Y luego están los khoresh. Son guisos de cocción lenta que forman el corazón de la cocina persa. Aquí te presentamos los esenciales:
- Tahdig: La costra de arroz crujiente y dorada que es el premio mayor en cualquier comida persa.
- Fesenjan: Un guiso rico y agridulce de pollo o pato en una salsa de nueces molidas y melaza de granada.
- Ghormeh Sabzi: El platillo nacional indiscutible: un guiso de hierbas y cordero con limones secos, cargado de fenogreco, perejil y puerros.
Es el tipo de comida que te invita a sentarte, tomarte tu tiempo y compartirla con la gente que quieres.

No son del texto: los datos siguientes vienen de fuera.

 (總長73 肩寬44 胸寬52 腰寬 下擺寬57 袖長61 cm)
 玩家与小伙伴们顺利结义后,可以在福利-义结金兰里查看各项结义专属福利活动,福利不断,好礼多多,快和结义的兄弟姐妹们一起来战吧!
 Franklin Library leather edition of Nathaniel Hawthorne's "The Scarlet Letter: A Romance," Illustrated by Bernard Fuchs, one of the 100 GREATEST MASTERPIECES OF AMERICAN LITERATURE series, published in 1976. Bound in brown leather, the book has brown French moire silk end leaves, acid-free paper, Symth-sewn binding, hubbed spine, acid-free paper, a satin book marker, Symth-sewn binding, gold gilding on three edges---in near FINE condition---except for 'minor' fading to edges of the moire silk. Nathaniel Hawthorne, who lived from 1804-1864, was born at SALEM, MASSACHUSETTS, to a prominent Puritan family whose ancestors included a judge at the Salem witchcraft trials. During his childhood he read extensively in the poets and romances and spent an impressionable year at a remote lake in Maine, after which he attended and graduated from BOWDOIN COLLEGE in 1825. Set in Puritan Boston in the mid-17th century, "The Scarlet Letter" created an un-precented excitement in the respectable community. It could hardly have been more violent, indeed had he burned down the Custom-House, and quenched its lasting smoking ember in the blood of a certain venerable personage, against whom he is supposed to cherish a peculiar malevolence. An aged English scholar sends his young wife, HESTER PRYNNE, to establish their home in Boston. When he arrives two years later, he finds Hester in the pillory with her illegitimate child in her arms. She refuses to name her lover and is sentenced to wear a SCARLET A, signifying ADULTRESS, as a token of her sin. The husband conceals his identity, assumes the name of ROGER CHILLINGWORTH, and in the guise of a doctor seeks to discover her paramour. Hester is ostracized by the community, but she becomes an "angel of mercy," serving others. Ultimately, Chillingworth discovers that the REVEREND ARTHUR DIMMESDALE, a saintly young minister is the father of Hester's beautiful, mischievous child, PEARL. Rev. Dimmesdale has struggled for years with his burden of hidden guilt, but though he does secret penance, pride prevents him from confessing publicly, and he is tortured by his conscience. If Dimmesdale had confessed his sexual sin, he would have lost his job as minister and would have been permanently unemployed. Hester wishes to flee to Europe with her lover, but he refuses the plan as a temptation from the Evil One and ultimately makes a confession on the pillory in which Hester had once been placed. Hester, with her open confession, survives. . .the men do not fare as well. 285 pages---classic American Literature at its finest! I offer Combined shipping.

Curiosamente, si eres nutriólogo o dietista, sabrás que entender estas tradiciones culinarias es vital para la atención al paciente. El libro de texto de referencia en la materia, "Krause's Food & the Nutrition Care Process", ha sido el estándar de oro desde 1952. En su última edición, hace hincapié en la atención culturalmente competente: entender que no puedes simplemente darle un plan de alimentación genérico a un paciente de ascendencia irani. Tienes que trabajar dentro de sus hábitos alimenticios, incorporando los beneficios para la salud de las hierbas, las legumbres y el enfoque equilibrado de carne y cereales que ofrece la cocina tradicional persa.

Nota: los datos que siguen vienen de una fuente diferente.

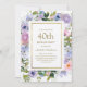 Convite Aniversário de 40 anos Dourada Floral Azul Elegant
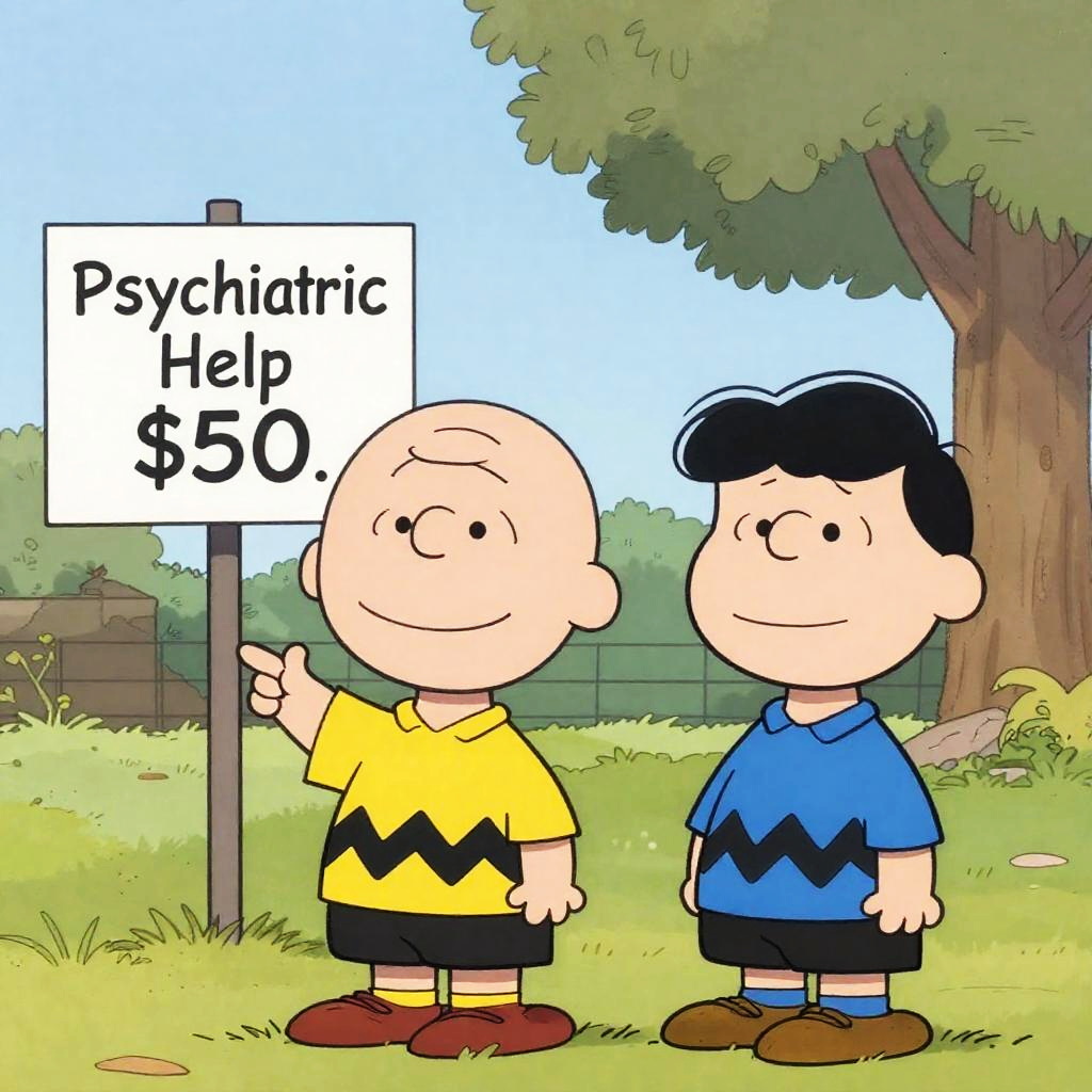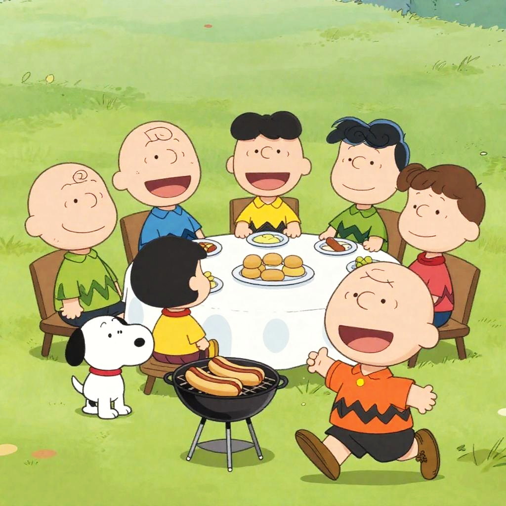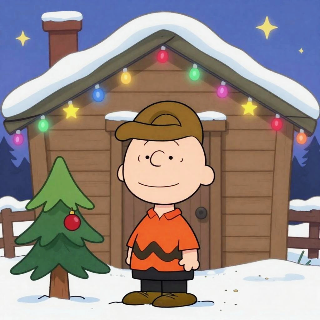 Cartoon of Charlie Brown from "A Boy Named Charlie Brown." Charlie Brown, white with black ears, stands on a bed, biting a pink pillow. Background includes a blue wall and a wooden headboard. He has a determined expression.
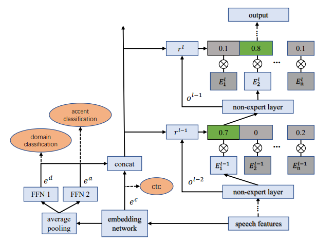 在团队之前的工作中,语音动态神经网络仅采用局部的embedding来帮助路由做出路由决策。为了进一步提高针对不同域和口音的语音识别性能,本文提出了一种新的路由器架构,该架构将额外的全局域和口音嵌入到路由器输入中以提高适应性。

La vista desde la azotea: Una historia de identidad
Todo esto—la comida, la historia, la guerra—todo se filtra hasta el individuo. Y no hay mejor guía para la experiencia moderna iraní-estadounidense que la novela juvenil de Adib Khorram, "No todo es como crees, Darius" (Darius the Great Is Not Okay). Es el tipo de libro que debería ser lectura obligada, especialmente ahora.

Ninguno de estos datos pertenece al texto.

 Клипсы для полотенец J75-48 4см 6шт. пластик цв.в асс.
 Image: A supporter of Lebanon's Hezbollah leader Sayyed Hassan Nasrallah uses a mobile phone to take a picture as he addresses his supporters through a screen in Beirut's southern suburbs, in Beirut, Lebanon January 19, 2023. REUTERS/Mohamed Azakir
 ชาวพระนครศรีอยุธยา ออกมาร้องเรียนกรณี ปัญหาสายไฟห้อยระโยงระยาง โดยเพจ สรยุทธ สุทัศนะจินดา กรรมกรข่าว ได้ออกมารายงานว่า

Darius es un adolescente de Portland que no encaja en ningún lado. Es mitad persa, pero se autodenomina un "Persa Fraccionario"—no habla el idioma, sabe más klingon que farsi, y siente que es una decepción para su padre. Cuando su abuelo (su "Babou") cae terminalmente enfermo en Irán, la familia viaja a Yazd para conocerlo por primera vez.
El libro no trata de política. Trata de lo que sucede cuando Darius llega allí. La abrumadora calidez de su abuela (Mamou), el sabor del auténtico faludeh (un postre helado), y la amistad que entabla con un chico local, Sohrab, en una azotea con vista a la ciudad. Trata del momento en que se da cuenta de que este lugar, esta cultura de la que ha estado desconectado, también es suya. Él no es solo alguien "que no está bien". Él es Darioush. Y eso importa.
Es un poderoso recordatorio de que detrás de cada estadística geopolítica hay una familia sentada a la mesa, un chico tratando de descubrir quién es, y una historia que no será borrada por los bombardeos. El nombre "Irán" proviene de "Ario", y la identidad de los pueblos iraníes ha sido moldeada durante milenios, desde los antiguos imperios persas, pasando por la conquista islámica, hasta la era moderna. Esa identidad, ese sentido de sí mismos, es mucho más difícil de atacar que una instalación militar.
Mientras la situación en el Estrecho de Ormuz se desarrolla y los diplomáticos corren de un lado a otro, piensa en eso. En la comida, las historias y las personas que, como siempre, están atrapadas en medio. También es su historia.